I have been thinking a lot about what constitutes a great place to work. It is not just salary or perks or colleagues. For a long time, at least since Robert Levering’s 1988 book A Great Place to Work: What Makes Some Employers Good – and Most So Bad, we have known that it’s more about trust, respect and the feeling you are doing useful work that gets recognised. Levering defines a great place to work around the three simple values of credibility, respect and fairness. And there is no arguing with any of those today nor with the title of his book: most employers are still ‘so bad’.
A great place to work is pretty much the exception rather than the rule and the old adage of ‘if you want the truth, just talk to your friends down the pub’ holds true. Once started it will be hard to stop them moaning about the injustices, unfairness and stupidity of their employer. Asked in a survey how many feel that they are working to their optimum, less than 50% felt that they were. Underused potential, unengaged interest in the customer, unshared ideas for improvements, the list goes on and on. This doesn’t need to be the case.
There is more and more information from those few, great employers about what can turn demotivated, demoralized and switched off staff into engaged and motivated powerhouses of innovation. Hardly any organisation keeps this stuff as a trade secret and most are more than happy to blow their own trumpet because it is great for morale and great for recruitment. None of it is magic or mystical, so why aren’t more organisations making changes to create innovative work places?
All companies want to be innovative or think that they are innovative and the value of innovation is clear: in the increasingly fast moving and complex work environment, top-down (we-don’t-pay-you-to-think) ideologies are beyond the pale and possibly a short step from oblivion. Great ideas solve problems, anticipate issues and keep organisations afloat. But the idea that achieving this goal as an individual, a team or an organisation can be delivered by diktat or strategy paper is old-school and certain to fail. And setting up an Innovation Department to drive innovation through the organisation is even more laughable and ineffective than ordering your workforce to be happy! So how do you make good workplaces hotbeds of innovation? What do we need to add to trust, respect and fairness that ignites the spark?

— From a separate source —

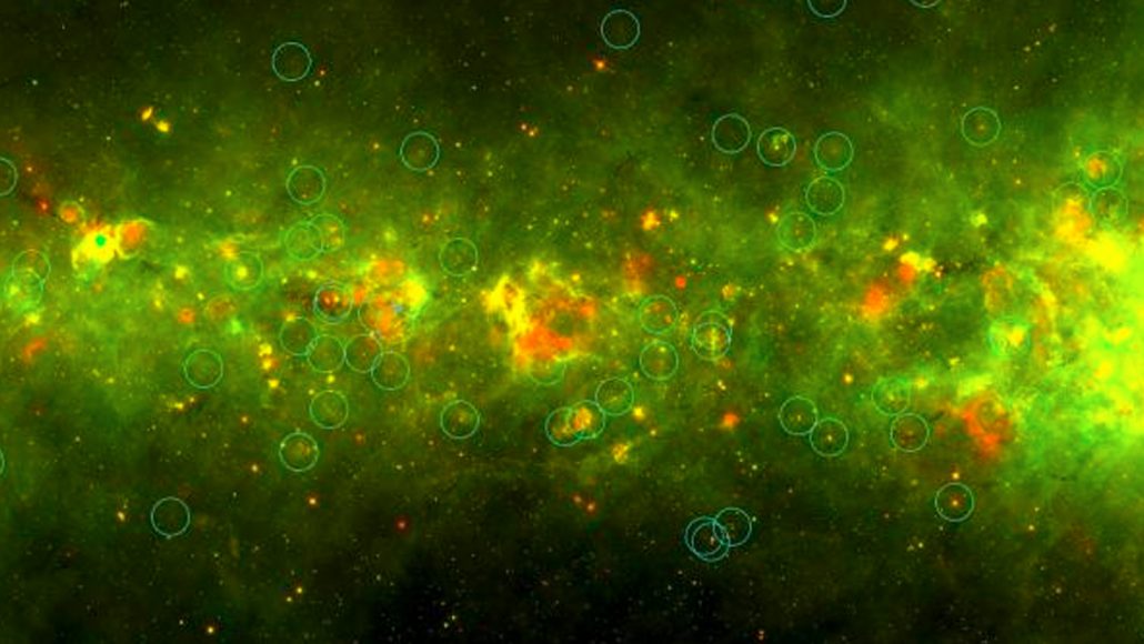 Volunteers with the Milky Way Project first identified the objects while scouring pictures of the galaxy taken by the Spitzer Space Telescope. The now-defunct observatory saw the cosmos in infrared light, which let astronomers take a sort of stellar ultrasound “to probe what’s going on in these cold environments before the stars are actually born,” says Wolf-Chase.
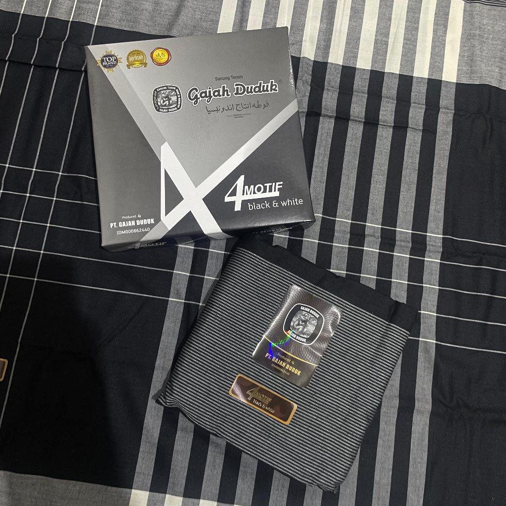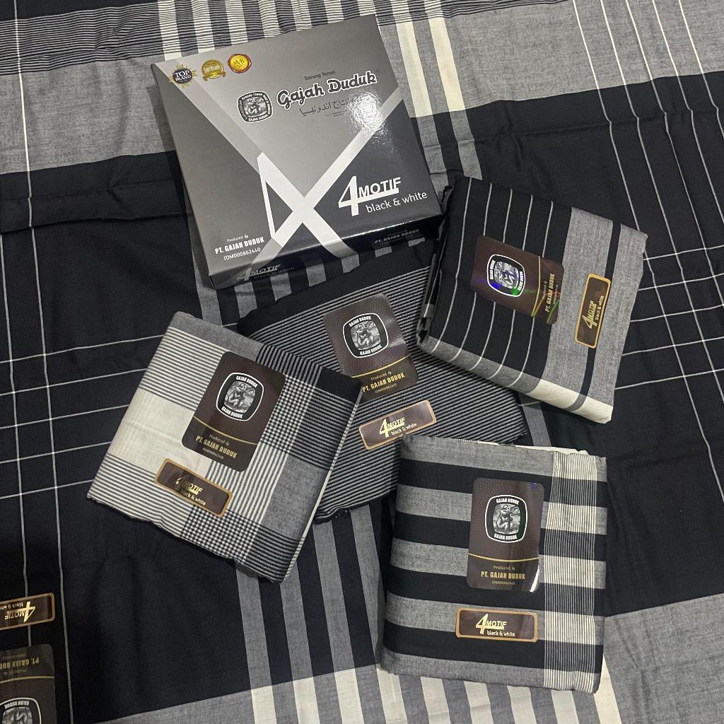 [Grosir 10Pcs / 20Pcs] Sarung Gajah Duduk Black & White BW Hitam Putih Elegan Motif Polos Kotak

Here are ten ways of generating an innovative workplace:
1. Give staff the opportunity to explore the place they work for. Get them to move around and create cross disciplinary teams.
2. Encourage networking inside the company, but also outside. Find ways of bringing new ideas into the company.
3. Reward failure! Relabel it as experimentation.
4. Have small budgets allocated low down in the organisation to fund small, short term experiments that might scale.
5. Implement good ideas or even okay ideas. Ten small, not so wonderful ideas will yield one great one. Ignore the ten and the great one will never emerge.
6. Encourage people to share ideas and think about their world of work. Deliberately stimulate challenge and disruption.
7. Have processes for taking ideas and turning them into actions.
8. Stamp out behaviours that stamp on all the points above.
9. Reward ideas, reward innovative behaviour
10. Celebrate and reward creativity.
This is not a quick fix but the journey begins with the validation of ideas and challenge to the status quo. So where is the magic link between innovation and great places to work? No one I have ever met has been innovative in their workplace while being miserable. Make the workplace better and innovation will follow.